Some of my new friends often ask me about my religion. They thought that I was a Buddhist. In fact, I was born and raised in a Muslim family. Even, I went to Madrasah (a school that learns about Islam), I currently practice Zen in my daily life, so my friends who are new to me think that I am religious. Buddhist.
What do you think? Is Buddhism and Zen practice a religion? For me, Buddhism and Zen meditation transcend religion. If I observe in detail, religion is nothing more than an institution that has a certain foundation of belief. Religion also binds every individual who adheres to it with all kinds of rules (especially the rules contained in the book). When viewed from the goal, religion wants to create an orderly life without chaos.
For me, Zen has that, to achieve liberation and enlightenment, Zen must adhere to the five basic precepts. The essence of the five basic precepts, no one should be hurt, no matter what the reason. That way, Zen that is practiced will give peace together. Zen to me, is more than a religion. Zen is a practice of human liberation that has a great method of bringing out human suffering for the actions of humans themselves. Even though Zen is very old, Zen and its methods are still practiced all over the world.
There are several reasons why I was drawn to practicing Zen and Buddhism. First, Buddhism and Zen can be studied by all groups, including certain religious circles, nobles, and commoners, to even atheists. So, Zen and Buddha can be used by anyone.
The second is, there is no absolute truth in Zen, all can be questioned and criticized. Unlike religious teachings which have absolute truth, so they should not be questioned and should not be criticized. Because the goal of Zen is to free man from the suffering created by his stupidity.
Third, Zen can be tested directly like a modern experimental science. Zen and Buddhist practitioners do not need to have excessive faith and belief. Those who practice and apply Zen can feel the benefits.

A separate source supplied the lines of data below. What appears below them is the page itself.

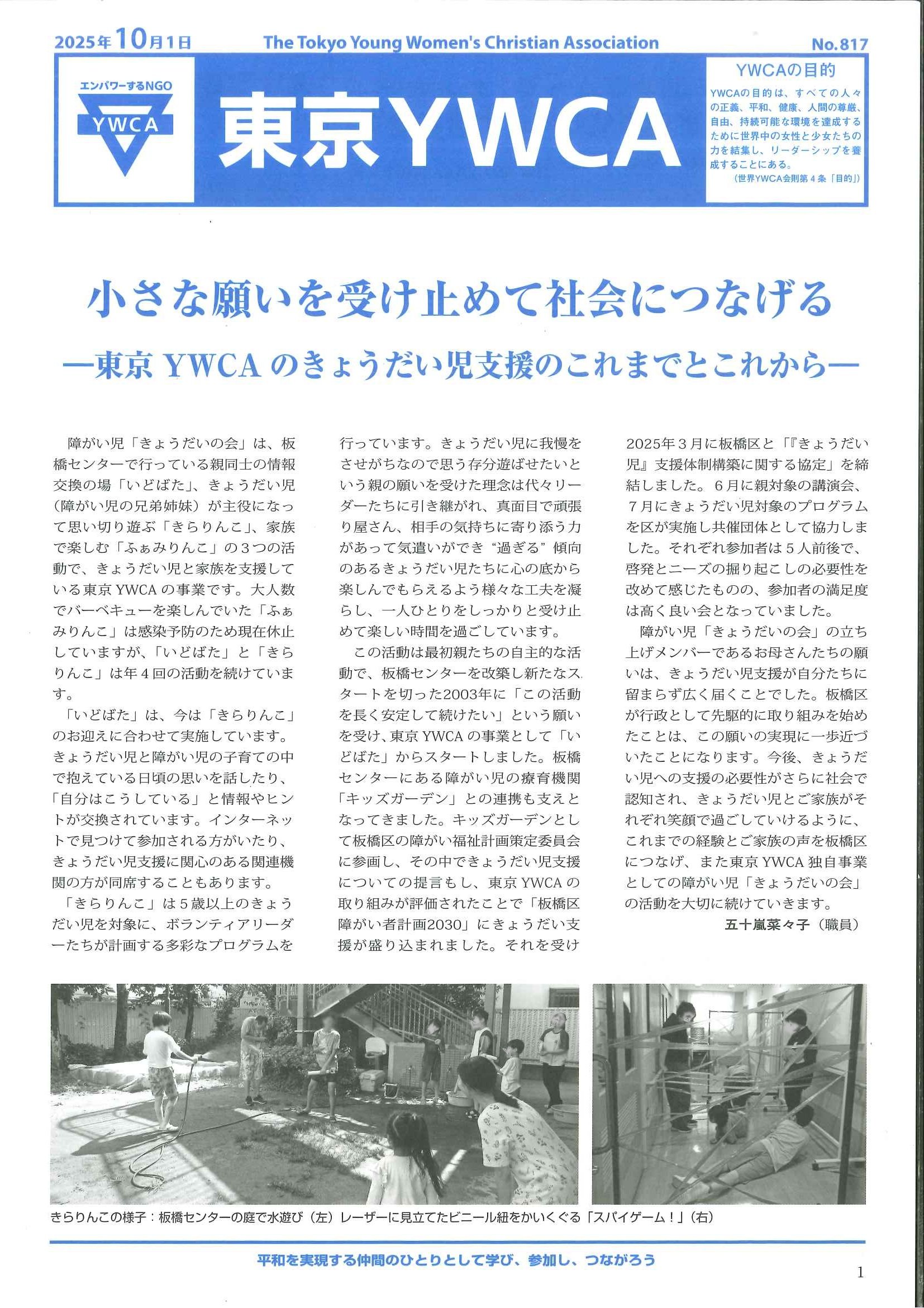 〇東京YWCA 財団広報紙『Newsletter』vol.18(2019年10月発行)
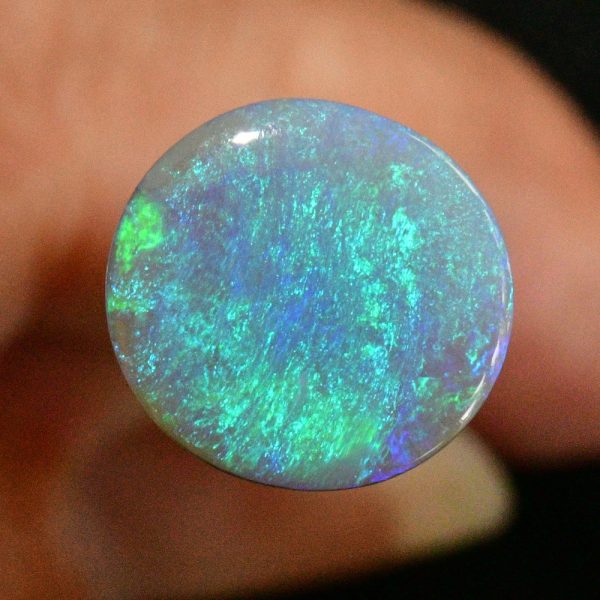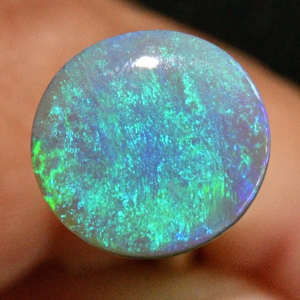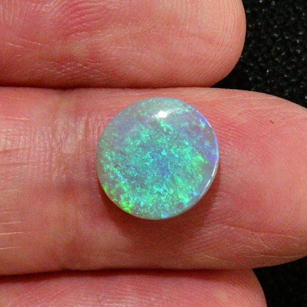 Genuine solid natural Australian opal showing gorgeous green/blue colours. From the famous mines of Lightning Ridge Australia, this beautiful opal measures 11.42mm X 10.90mm X 3.33mm thick. This 2.2 out of 5 bright, N6 dark 2.78 carat solid Australian opal would make a magnificent ring.
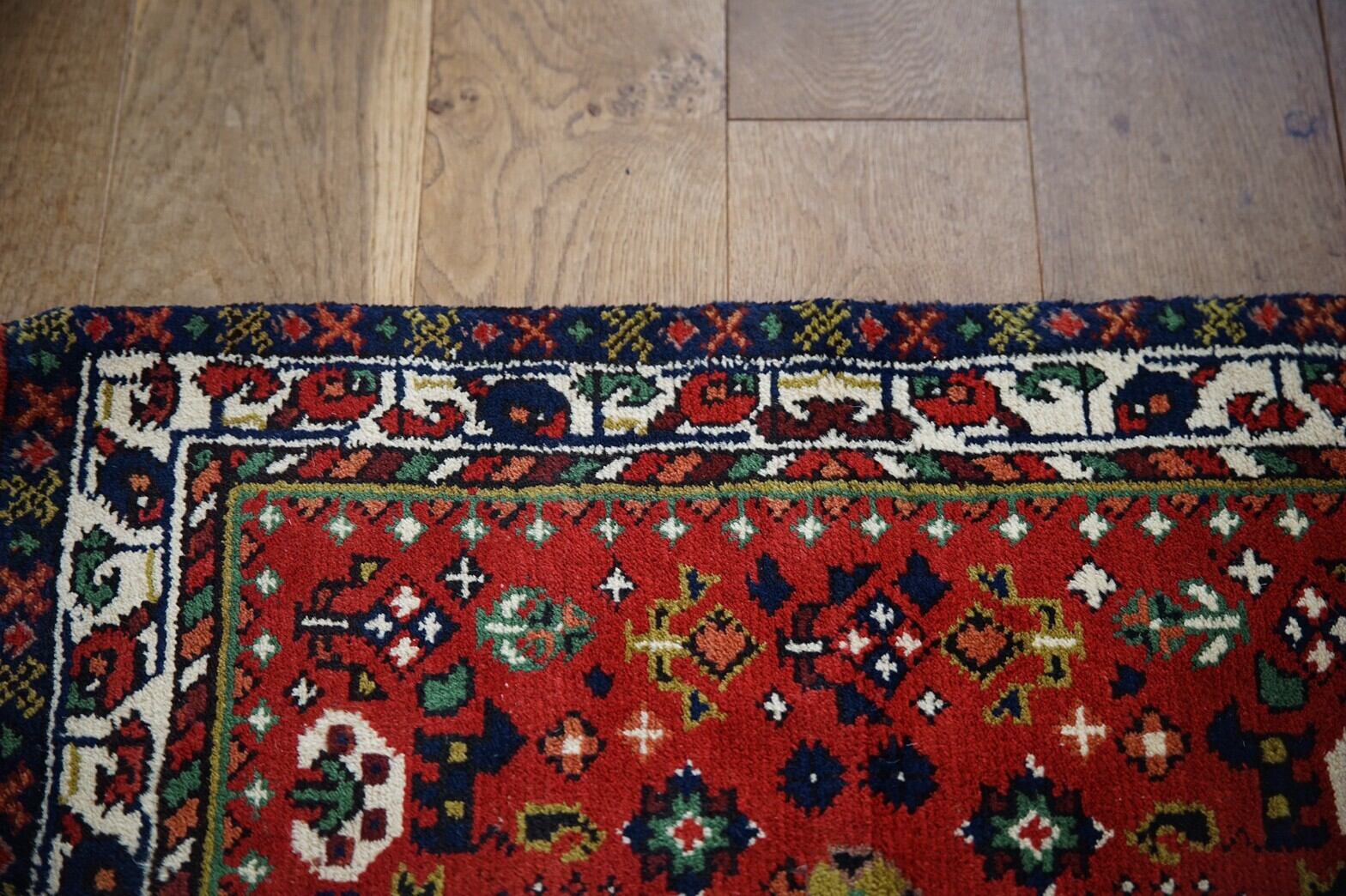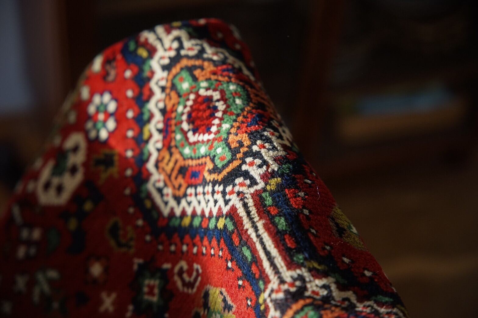 スクエア型のカシュガイラグ。ポップな色合いが見てるだけで楽しいですね♪真ん中の菱形メダリオンやフィールドにもたくさん使われているグリーンがポイント。クリスマスの時期にもぴったりな雰囲気です。4匹いる動物は何の動物でしょう…。私には犬に見えますが、良質なウールを使っているのかとても気持ちの良い手触り。ずっと撫でていたくなります。状態もとても良く、パイルの減りは全くありません。リビングに敷いたり、ベッドサイド、キッチンラグとしてオススメのサイズです。スクエア型なので他のラグと組み合わせて敷いてもいいですね♪

Fourth, Zen can educate everyone who practices it, because the basic goal of Zen is liberation and enlightenment. Zen provides knowledge and wisdom about how this world works as it is, including how the human mind and mind work accurately. It is because of this knowledge of Zen that man can escape suffering and ignorance.
If we deepen the teachings of Zen, it means that we also deepen the knowledge of religion as well as liberation, because, in the practice of zen, humans must understand that thoughts and emotions are empty and temporary, so humans do not need to pursue what they think. In addition, Zen also teaches us to understand who we are. Human identity and consciousness are pure and empty, yet fully alive.
In Zen where there is wisdom and knowledge, there is also the peace that humans need to find happiness. If we all embrace zen, the world will become more beautiful for every creature to live in. Because Zen also has moral foundations that are taught by the world's major religions in a rational, critical, and effective way to free people from suffering.
Without having to convert, without having to say any words, and without any baptism, we can all learn Zen to free ourselves from suffering and on the path of enlightenment.